Refineries are being built in Saudi Arabia, India and China. For Saudi Arabia, the world’s leading oil producer, tight refining capacity amounts to a brake on its oil sales.

India and other developing nations are building refineries to serve both their growing domestic markets and the increasing demand for gasoline in China, which by 2020 may have as many cars as the United States does.

In 1970, global refining capacity was about 47 million barrels per day. Today it’s about 83.5 million barrels per day, but only 17.5 million of them are refined in the United States. The Paris-based International Energy Agency projected last year that the world’s refining capacity will have to grow to 93 million barrels per day in 2010 and to 118 million by 2030 to meet demand.

The growth of global refining capacity will determine whether gasoline prices moderate, stay high or rise even higher. Many energy experts think that crude oil may be more available by 2010, but more barrels of oil won’t help reduce prices unless there’s more refining capacity to turn it into gasoline.

U.S. refineries

Congress passed legislation in 2005 to streamline the permitting process, hoping to encourage new investment in U.S. refineries. President Bush offered military bases to house them.
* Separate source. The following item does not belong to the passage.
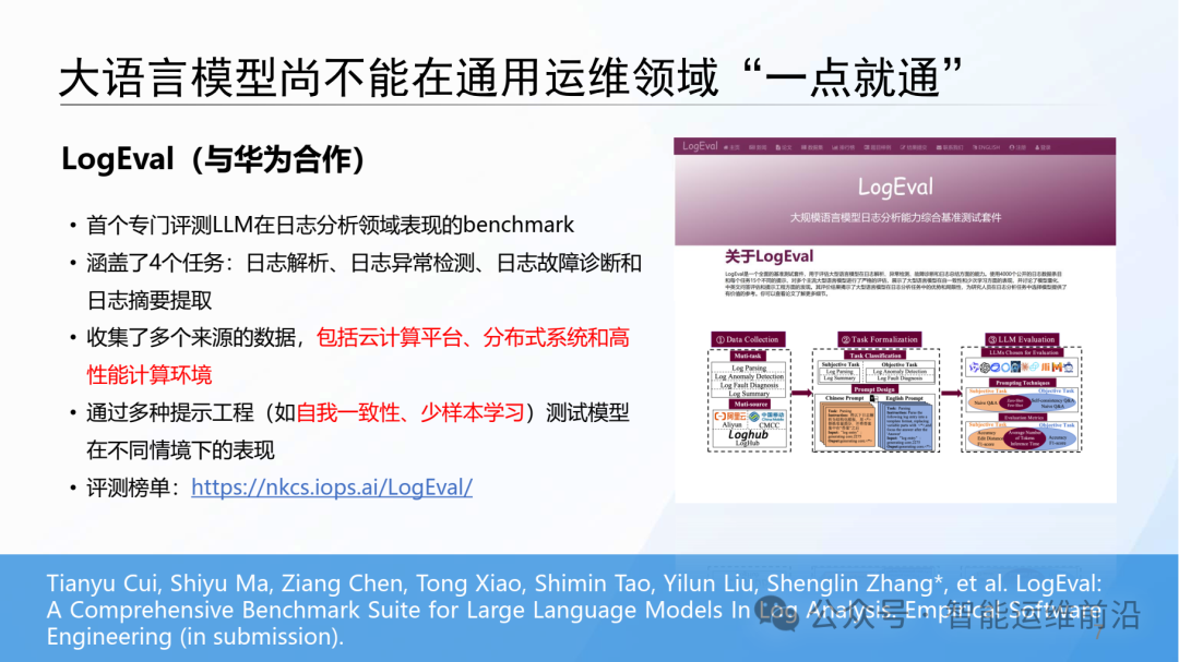 张圣林进一步介绍了在日志分析任务上的评估工作。日志作为一种类似自然语言的形式,本应是大模型大展身手的舞台。他们对日志分析的几个关键任务,包括解析、异常检测、故障诊断等进行了详细评估,收集了来自云平台、分布式系统等多个来源的日志数据,并通过多种提示工程进行了优化。

Yet only one new U.S. refinery is planned, in Arizona, and it’s been in the works for a decade.

“There are just a vast number of barriers for a start-up oil refinery in the United States,” said Ian Calkins, a spokesman for the Arizona Clean Fuels Yuma project, which has faced environmental and community hurdles and now a lawsuit over former American Indians tribal lands.

The $3.5 billion refinery, planned for 100 miles southwest of Phoenix, would process a modest 150,000 barrels of oil per day when it comes online in 2011. Still, investors who’re willing to plunk billions into a project that offers only long-term returns must be found.

“It’s almost a non-starter to the vast majority of investors,” Calkins said.

Role of regulations

The cost of meeting state and federal regulations also drives refinery expansion overseas. The American Petroleum Institute, which lobbies for the oil industry, said its members had spent $50 billion during the past decade to comply with environmental, safety and other regulations – about the cost of building 10 big refineries.

“Environmental regulations : play a large role in restricting the development of new refining capacity and the loss of some existing capacity,” said Robert Dauffenbach, an economist and associate dean of the University of Oklahoma’s Price College of Business.

President Bush’s goal of a 20 percent reduction in gasoline use by 2020 also has U.S. refiners scaling back investment plans from $1.8 billion during the next five years to about $1 billion.

“Should I make billions of dollars in new investments that are going to be stranded 10 years down the road?” asked Bill Holbrook, a spokesman for the National Petrochemical and Refiners Association.